THE FIVE-STEP EVALUATION PROCESS
Commissioner (or ALJ) follows a five-step sequential
evaluation process in assessing whether a claimant is
disabled. 20 C.F.R. §§ 404.1520, 416.920;
Lounsburry v. Barnhart, 468 F.3d 1111, 1114 (9th
Cir. 2006) (citing Tackett v. Apfel, 180 F.3d 1094,
1098-99 (9th Cir. 1999)). In the first step, the Commissioner
must determine whether the claimant is currently engaged in
substantial gainful activity; if so, the claimant is not
disabled and the claim is denied. Lounsburry, 468
F.3d at 1114. If the claimant is not currently engaged in
substantial gainful activity, the second step requires the
Commissioner to determine whether the claimant has a
“severe” impairment or combination of impairments
significantly limiting his ability to do basic work
activities; if not, a finding of nondisability is made and
the claim is denied. Id. If the claimant has a
“severe” impairment or combination of
impairments, the third step requires the Commissioner to
determine whether the impairment or combination of
impairments meets or equals an impairment in the Listing of
Impairments (“Listing”) set forth at 20 C.F.R.
§ 404, subpart P, appendix 1; if so, disability is
conclusively presumed and benefits are awarded. Id.
If the claimant's impairment or combination of
impairments does not meet or equal an impairment in the
Listing, the fourth step requires the Commissioner to
determine whether the claimant has sufficient “residual
functional capacity” to perform his past work; if so,
the claimant is not disabled and the claim is denied.
Id. The claimant has the burden of proving that he
is unable to perform past relevant work. Drouin v.
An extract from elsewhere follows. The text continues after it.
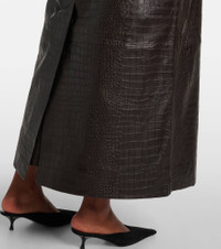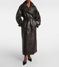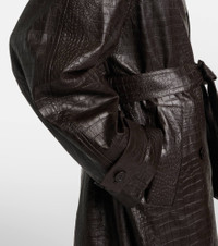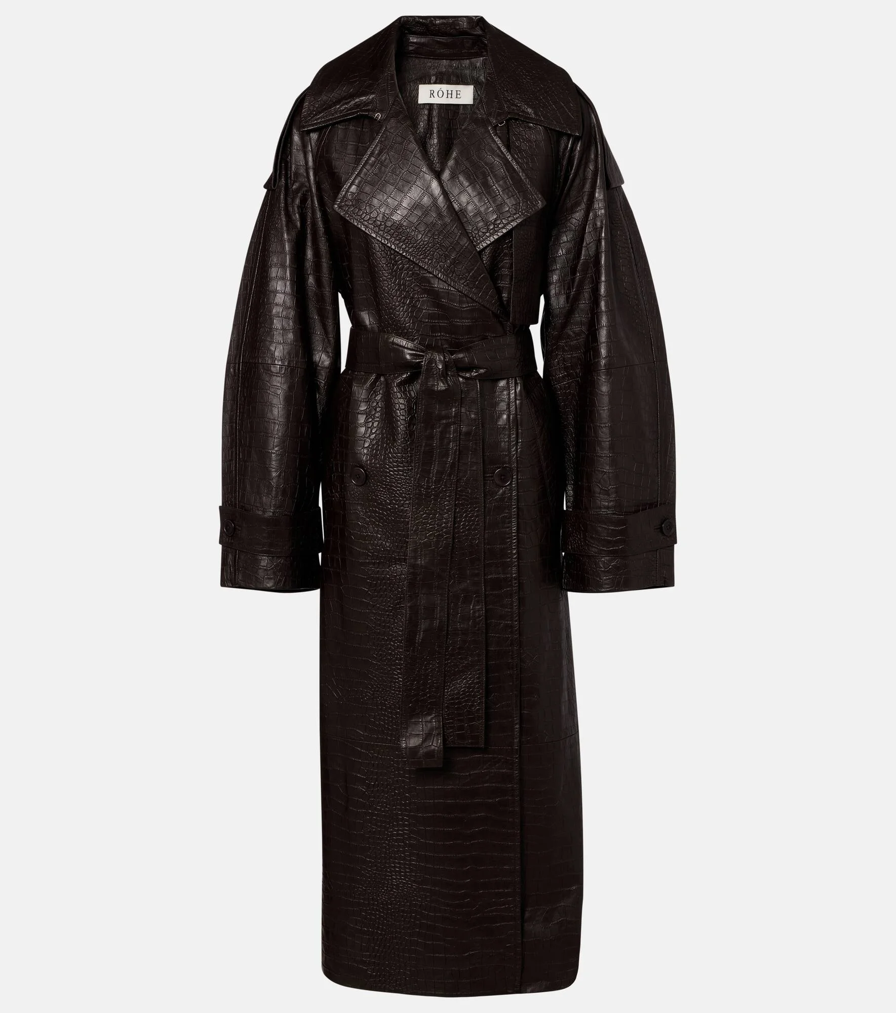 Make a statement in this Rohe trench coat. Crafted from crocodile-effect embossed leather, this piece features a buttoned high collar, double-breasted design, and a versatile removable belt. Product Details - Material: 100% sheep leather - Care instructions: specialist clean - Made in India - Designer color name: Mahogany - Item color: brown - Lining: 100% viscose - Closure: buttoned front - Cuff: tab cuff - Pockets: slant pockets - Item number: P01103201 Size & Fit - True to size - For a closer fit, we recommend taking one size down - Dropped shoulders - Loose fit, comes with belt - Non-stretchy fabric - slit length 47cm-18.5" - The model seen in the picture is 178cm-5'10" and wearing a size FR 34

Sullivan, 966 F.2d 1255, 1257 (9th Cir. 1992). If the
claimant meets this burden, a prima facie case of
disability is established. Id. The Commissioner then
bears the burden of establishing that the claimant is not
disabled because there is other work existing in
“significant numbers” in the national or regional
economy the claimant can do, either (1) by the testimony of a
VE, or (2) by reference to the Medical-Vocational Guidelines
at 20 C.F.R. part 404, subpart P, appendix 2.
Lounsburry, 468 F.3d at 1114. The determination of
this issue comprises the fifth and final step in the
sequential analysis. 20 C.F.R. §§ 404.1520,
416.920; Lester v. Chater, 81 F.3d 721, 828 n.5 (9th
Cir. 1995); Drouin, 966 F.2d at 1257.
THE ALJ'S APPLICATION OF THE FIVE-STEP PROCESS
one, the ALJ found that plaintiff had not engaged in
substantial gainful activity since December 31, 2012, the
application date. [AR at 18.] At step two, the ALJ concluded
that plaintiff has the severe impairments of lumbar spine
degenerative disc disease; history of asthma; right humerus
fracture (status post-open reduction and internal fixation);
depression; and anti-social personality disorder.
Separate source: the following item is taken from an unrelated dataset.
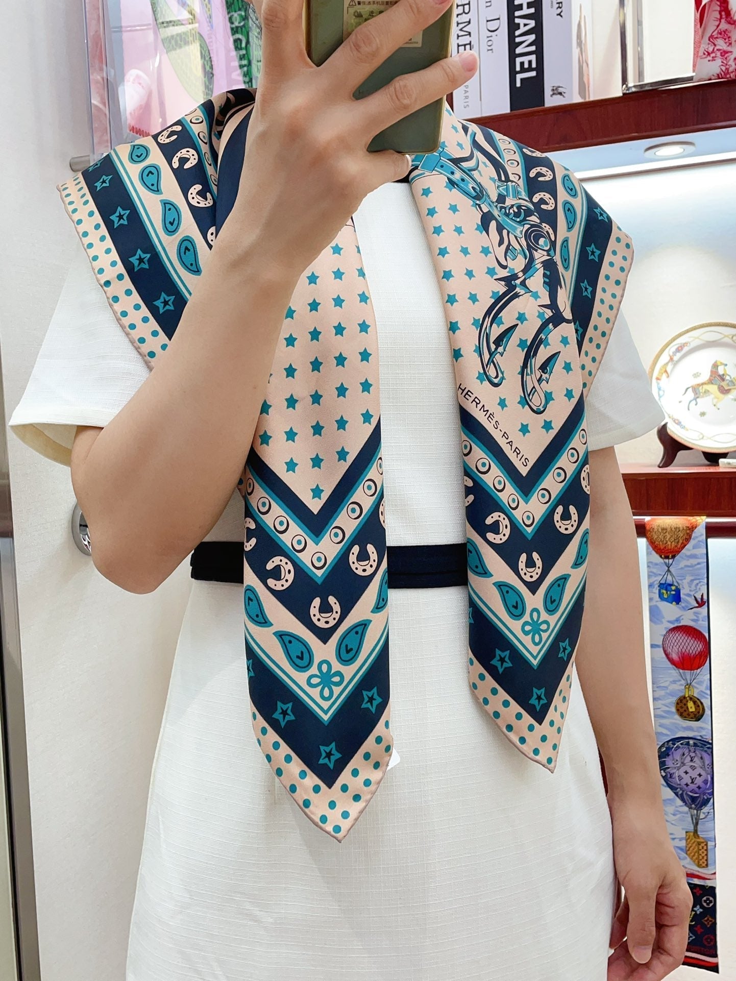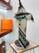 Cheval Punk Bandana Scarf 90 CM In Beige Mix Black Deep Green Silk Twill 309211

[Id.] At step three, the ALJ determined that
plaintiff does not have an impairment or a combination of
impairments that meets or medically equals any of the
impairments in the Listing. [Id. at 21.] The ALJ
further found that plaintiff retained the residual functional
capacity (“RFC”) to perform a range of light work
as defined in 20 C.F.R. § 416.967(b),  as follows:
[F]requent postural movements, occasional reaching/handling
with his dominant right upper extremity, unrestricted
fingering/feeling, performance of simple, repetitive tasks in
non-public work setting, occasional interactions with
co-workers and supervisors, and avoiding concentrate exposure
to respiratory irritants (e.g. dust, fumes, chemicals, etc.).
[Id. at 22.] At step four, the ALJ concluded that
plaintiff has no past relevant work. [Id. at 26.] At
step five, based on plaintiff's RFC, vocational factors,
and the VE's testimony, the ALJ found that there are jobs
existing in significant numbers in the national economy that
plaintiff can perform, including work as an “office
helper” (Dictionary of Occupational Titles
(“DOT”) No. 239.567-010), as a “mail
clerk” (DOT No. 209.687-026), and as a “sales
attendant” (DOT No. 299.677-010). [AR at 26-27.]